■ Task brief:
From the records below, print exactly the lines starting at the one containing "2022年7月24日下午,王" and ending at the one containing "룬 특성에 대해서도 알아보자.", ends included, and nothing else.

■ Stored data:
+++++

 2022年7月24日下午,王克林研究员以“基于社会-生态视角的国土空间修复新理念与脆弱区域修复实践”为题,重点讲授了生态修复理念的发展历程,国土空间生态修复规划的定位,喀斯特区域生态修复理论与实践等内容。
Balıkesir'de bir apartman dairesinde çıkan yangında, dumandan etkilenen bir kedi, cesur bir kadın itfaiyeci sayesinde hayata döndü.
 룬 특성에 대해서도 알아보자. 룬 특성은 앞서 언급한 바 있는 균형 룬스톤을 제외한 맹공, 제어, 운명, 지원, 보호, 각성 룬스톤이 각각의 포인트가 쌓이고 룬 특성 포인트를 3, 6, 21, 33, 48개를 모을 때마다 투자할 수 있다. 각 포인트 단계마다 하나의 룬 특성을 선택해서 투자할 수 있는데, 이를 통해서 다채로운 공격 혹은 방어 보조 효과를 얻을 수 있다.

+++++

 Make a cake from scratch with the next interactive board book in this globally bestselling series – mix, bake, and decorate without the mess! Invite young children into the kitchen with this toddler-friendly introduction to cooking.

+++++

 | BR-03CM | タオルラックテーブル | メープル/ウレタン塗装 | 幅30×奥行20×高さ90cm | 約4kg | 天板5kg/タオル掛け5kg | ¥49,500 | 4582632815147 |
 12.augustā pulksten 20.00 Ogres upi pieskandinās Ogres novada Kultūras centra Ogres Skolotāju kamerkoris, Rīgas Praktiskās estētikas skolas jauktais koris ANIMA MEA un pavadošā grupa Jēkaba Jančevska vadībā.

+++++

■ Reply:
 2022年7月24日下午,王克林研究员以“基于社会-生态视角的国土空间修复新理念与脆弱区域修复实践”为题,重点讲授了生态修复理念的发展历程,国土空间生态修复规划的定位,喀斯特区域生态修复理论与实践等内容。
Balıkesir'de bir apartman dairesinde çıkan yangında, dumandan etkilenen bir kedi, cesur bir kadın itfaiyeci sayesinde hayata döndü.
 룬 특성에 대해서도 알아보자. 룬 특성은 앞서 언급한 바 있는 균형 룬스톤을 제외한 맹공, 제어, 운명, 지원, 보호, 각성 룬스톤이 각각의 포인트가 쌓이고 룬 특성 포인트를 3, 6, 21, 33, 48개를 모을 때마다 투자할 수 있다. 각 포인트 단계마다 하나의 룬 특성을 선택해서 투자할 수 있는데, 이를 통해서 다채로운 공격 혹은 방어 보조 효과를 얻을 수 있다.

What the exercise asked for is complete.